REQUIRED WORK
Retype the listing below line for line, but only from the line with "Творог перемешать с" down to the line with "Moissanite Radiant Cut", inclusive. Pictures stay out.

─── LISTED RECORDS ───

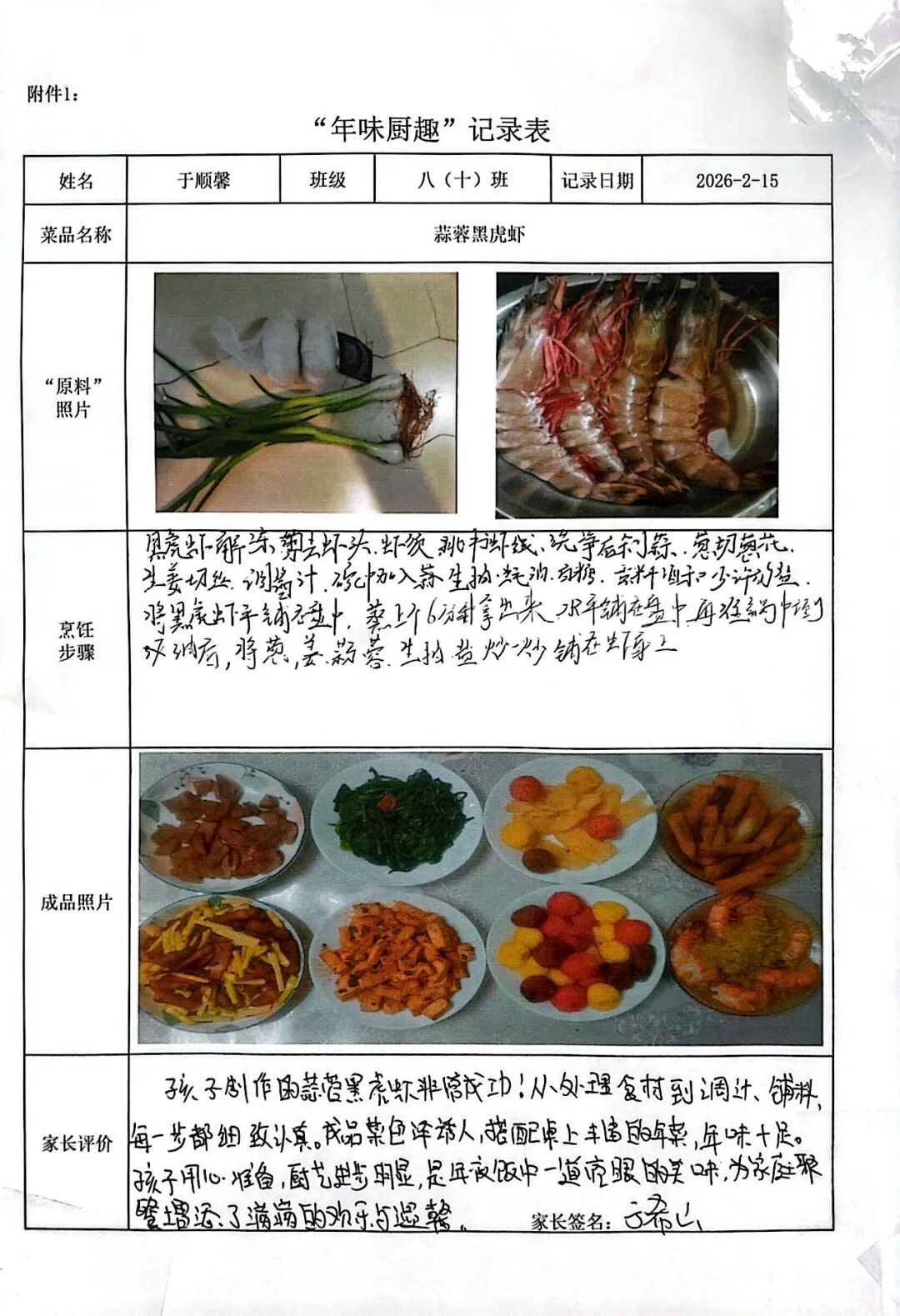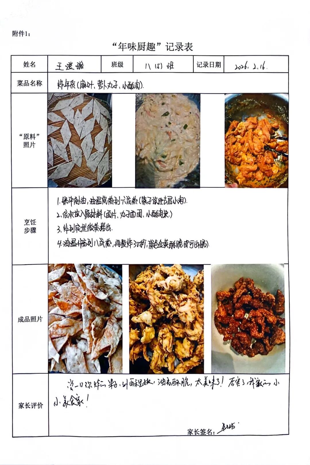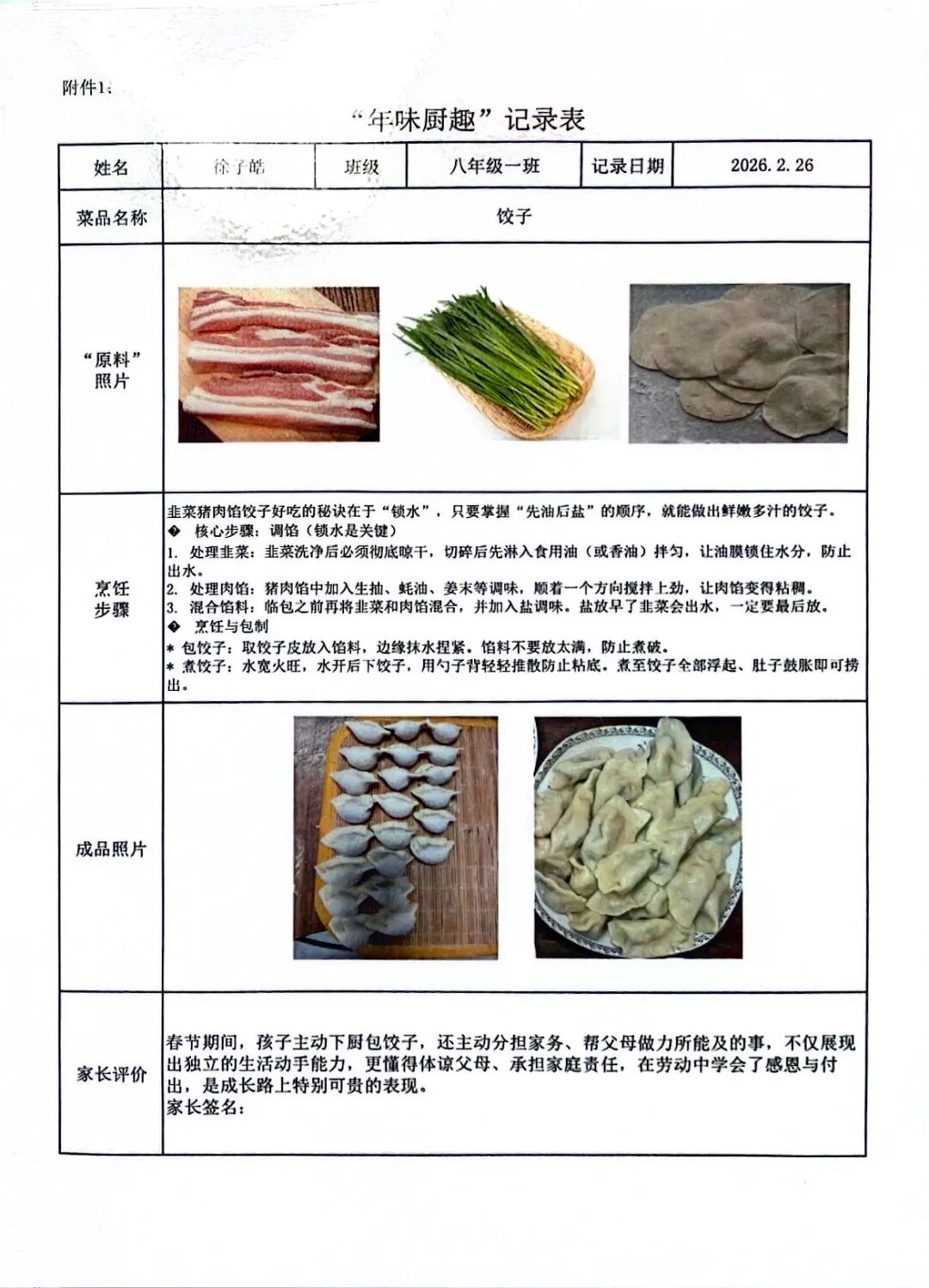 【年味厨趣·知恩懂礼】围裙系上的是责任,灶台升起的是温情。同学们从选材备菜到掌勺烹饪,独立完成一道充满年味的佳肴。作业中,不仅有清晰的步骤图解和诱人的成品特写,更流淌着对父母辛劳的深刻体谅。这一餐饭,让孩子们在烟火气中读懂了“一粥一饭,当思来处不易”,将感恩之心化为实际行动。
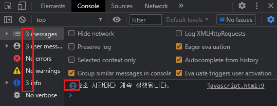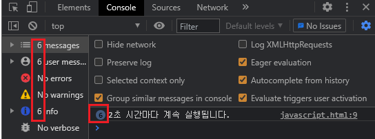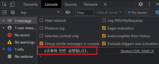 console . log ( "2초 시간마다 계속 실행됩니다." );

───
─── LISTED RECORDS ───

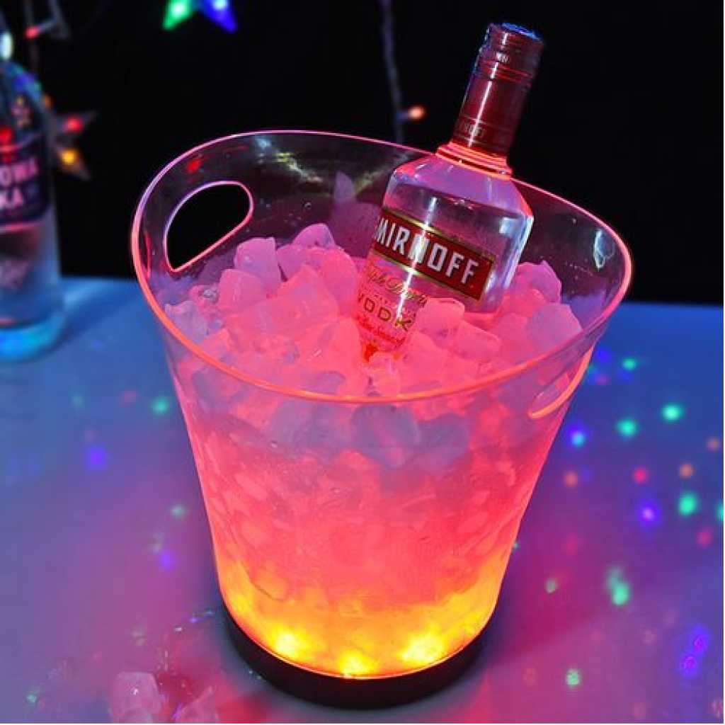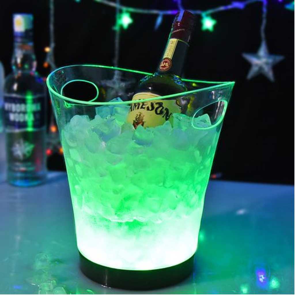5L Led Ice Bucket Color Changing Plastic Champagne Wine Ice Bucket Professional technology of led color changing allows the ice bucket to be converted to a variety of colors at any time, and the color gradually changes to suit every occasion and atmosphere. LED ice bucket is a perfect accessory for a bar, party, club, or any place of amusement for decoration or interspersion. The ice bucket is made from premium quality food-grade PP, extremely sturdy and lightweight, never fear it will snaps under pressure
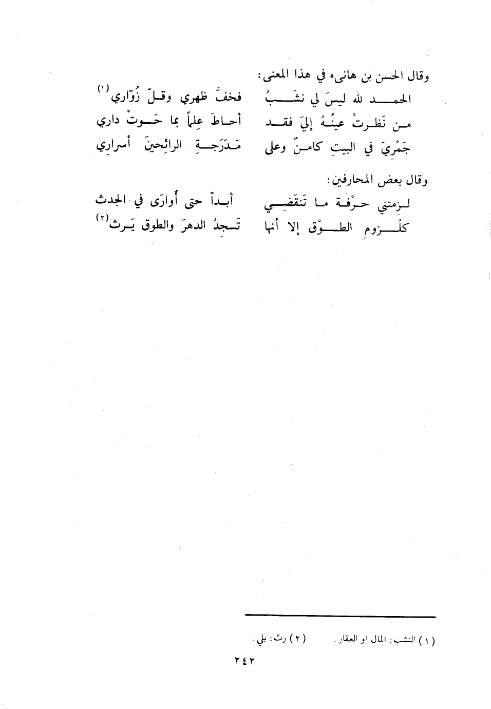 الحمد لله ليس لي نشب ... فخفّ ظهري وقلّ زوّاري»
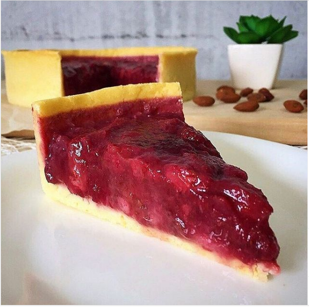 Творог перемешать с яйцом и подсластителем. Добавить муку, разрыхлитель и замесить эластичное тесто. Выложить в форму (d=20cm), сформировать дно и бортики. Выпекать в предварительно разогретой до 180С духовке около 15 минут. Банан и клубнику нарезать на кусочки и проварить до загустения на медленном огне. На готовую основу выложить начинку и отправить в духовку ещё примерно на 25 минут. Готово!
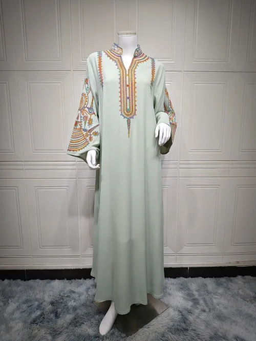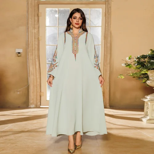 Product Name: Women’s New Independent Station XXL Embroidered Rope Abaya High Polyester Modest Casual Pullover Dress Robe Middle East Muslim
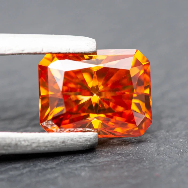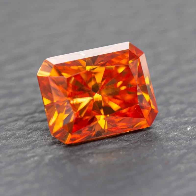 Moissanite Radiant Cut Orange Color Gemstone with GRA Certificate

───
─── LISTED RECORDS ───

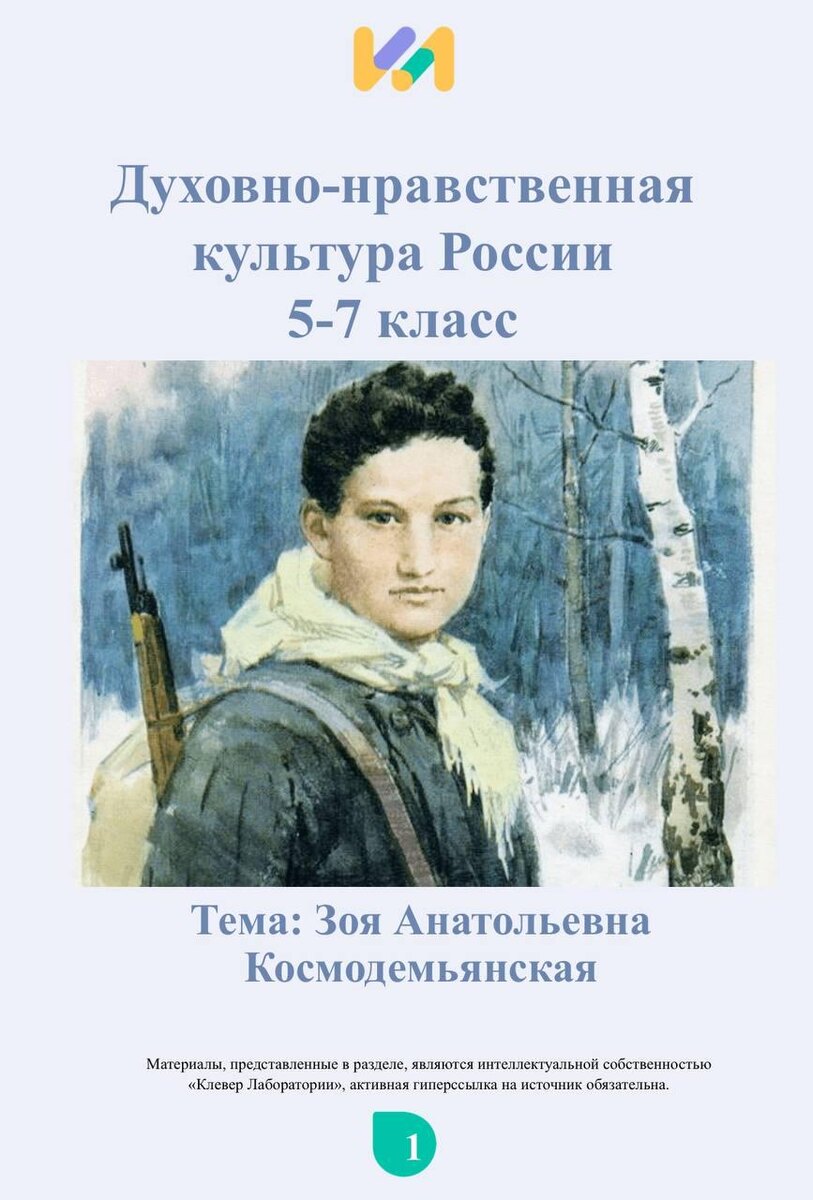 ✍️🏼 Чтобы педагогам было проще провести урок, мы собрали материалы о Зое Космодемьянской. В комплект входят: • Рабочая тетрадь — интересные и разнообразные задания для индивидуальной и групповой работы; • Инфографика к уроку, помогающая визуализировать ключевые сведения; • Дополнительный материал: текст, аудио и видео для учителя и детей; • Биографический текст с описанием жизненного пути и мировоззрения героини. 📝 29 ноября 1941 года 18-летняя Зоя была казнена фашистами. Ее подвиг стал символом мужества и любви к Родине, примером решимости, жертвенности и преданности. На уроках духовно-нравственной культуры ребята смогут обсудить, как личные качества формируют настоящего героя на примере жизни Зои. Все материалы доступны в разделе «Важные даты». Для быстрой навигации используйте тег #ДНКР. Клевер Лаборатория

───

RESPONSE TO THIS EXERCISE
 Творог перемешать с яйцом и подсластителем. Добавить муку, разрыхлитель и замесить эластичное тесто. Выложить в форму (d=20cm), сформировать дно и бортики. Выпекать в предварительно разогретой до 180С духовке около 15 минут. Банан и клубнику нарезать на кусочки и проварить до загустения на медленном огне. На готовую основу выложить начинку и отправить в духовку ещё примерно на 25 минут. Готово!
 Product Name: Women’s New Independent Station XXL Embroidered Rope Abaya High Polyester Modest Casual Pullover Dress Robe Middle East Muslim
 Moissanite Radiant Cut Orange Color Gemstone with GRA Certificate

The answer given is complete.